XIII
Цезарь умерял свое суровое управление справедливостью и человечностью. Но не слова и идеалы влекли его к себе, а факты и знание. Он не был последователем псевдоэллинской культуры, так сильно распространенной в его время, но понимал вещи, как истинный римлянин; это ясно видно и из его литературных произведений. Он упорно отказывался иметь дело с идеалами и мечтаниями, которыми увлекался Цицерон, но считался с действительностью, приводя в порядок общие дела и везде являясь сторонником научного, а не предвзятого отношения к жизни. Ему мы обязаны, между прочим, составлением научного календаря. Он же первый предложил собрать в свод некоторые римские законы. Он стремился составить большую библиотеку из латинских и греческих сочинений и поручил это дело Варрону. Людям науки он давал права римского гражданства и старался привлекать их на свою службу.
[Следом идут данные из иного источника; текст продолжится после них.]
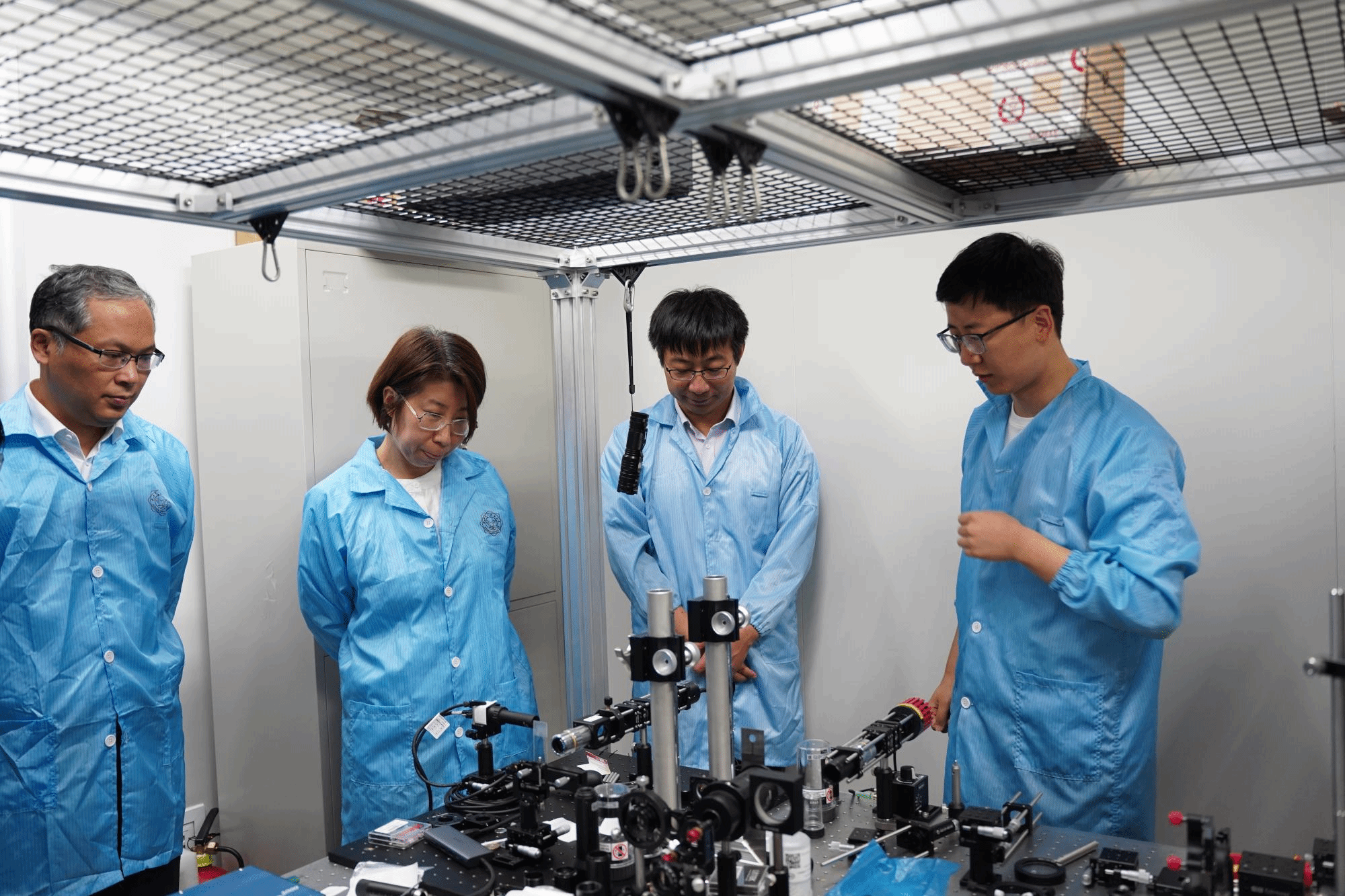 邵晓鹏对戴道锌一行到访表示热烈欢迎。秦翰林就公司建设、公司产品、人才培养等进行了详细介绍。双方围绕科研团队建设、有组织科研模式和试点班建设等重点问题进行了深入探讨,双方认为要在加强人才队伍建设,提升科研团队凝聚力战斗力,推动落实有组织科研方面继续保持长效沟通与合作。随后,戴道锌一行参观了超快激光技术与应用研究中心等实验室。

Возвращение Цезаря в Рим, после похода в Испанию ожидалось с тревогой. Ярые республиканцы думали, что, вернувшись в столицу, он сложит с себя свою небывалую власть и даст возможность прежней конституции войти в действие.
Цицерон писал одному из своих друзей, что после окончания войны решится вопрос, погибнет ли республика или вступит в новую пору жизни.
Вернувшись, Цезарь ничем не обнаружил, что намерен восстановить республику. Напротив, он стал проявлять свою власть с большей уверенностью и смелостью, меньше сообразуясь с чувствами других и не думая о безопасности собственной жизни. Еще до вступления в Рим, он написал свое завещание, а после возвращения в столицу отпраздновал с большой пышностью свой новый триумф. На играх, последовавших за этим триумфом, дана была странная иллюстрация нового деспотизма. Известный драматический писатель, 60-летний Лаберий, был приглашен Цезарем принять участие в исполнении одной из своих пьес. Едва ли этим Цезарь хотел оскорбить писателя, но старик принял приглашение за приказание, и до нас дошло стихотворение, в котором он оплакивает свое собственное послушание.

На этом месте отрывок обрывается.